#### Work instructions
Set down, word for word, the line with "Pipe Thread Taper)" and the lines after it through the final line of the data below, without pictures.

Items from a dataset
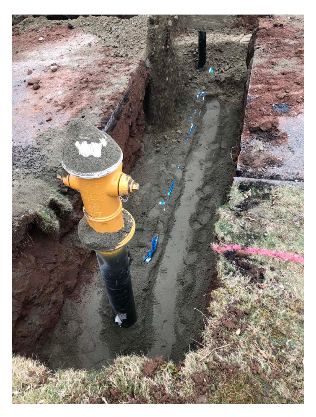
Picture 13: Caution tape placed over 6: DIP on Oak Terrace. View to the north.
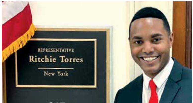
Rep. Ritchie Torres X page U.S. Congressman Ritchie Torres, a major recipient of AIPAC funding.

According to the campaign finance watchdog organization Open Secrets , Torres has received
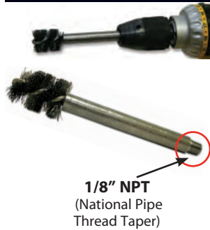
1/8" NPT (National Pipe Thread Taper)

Proper hole cleaning using a brush is essential to achieve optimum performance
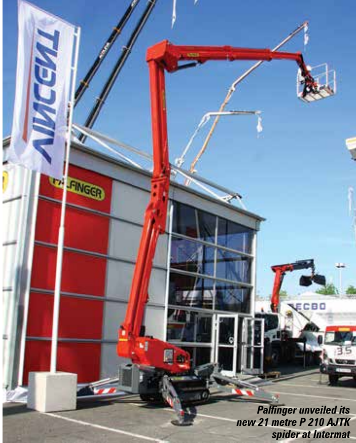
Palfinger unveiled its new 21 metre P 210 AJTK spider at Intermat

square metre mall in Moscow. The FS290 features a five section telescopic boom and dual arm articulated jib, providing 14 metres of outreach with an unrestricted platform capacity of 100kg, or around 13 metres with 200kg.

#### Exercise response
1/8" NPT (National Pipe Thread Taper)

Proper hole cleaning using a brush is essential to achieve optimum performance
Palfinger unveiled its new 21 metre P 210 AJTK spider at Intermat

square metre mall in Moscow. The FS290 features a five section telescopic boom and dual arm articulated jib, providing 14 metres of outreach with an unrestricted platform capacity of 100kg, or around 13 metres with 200kg.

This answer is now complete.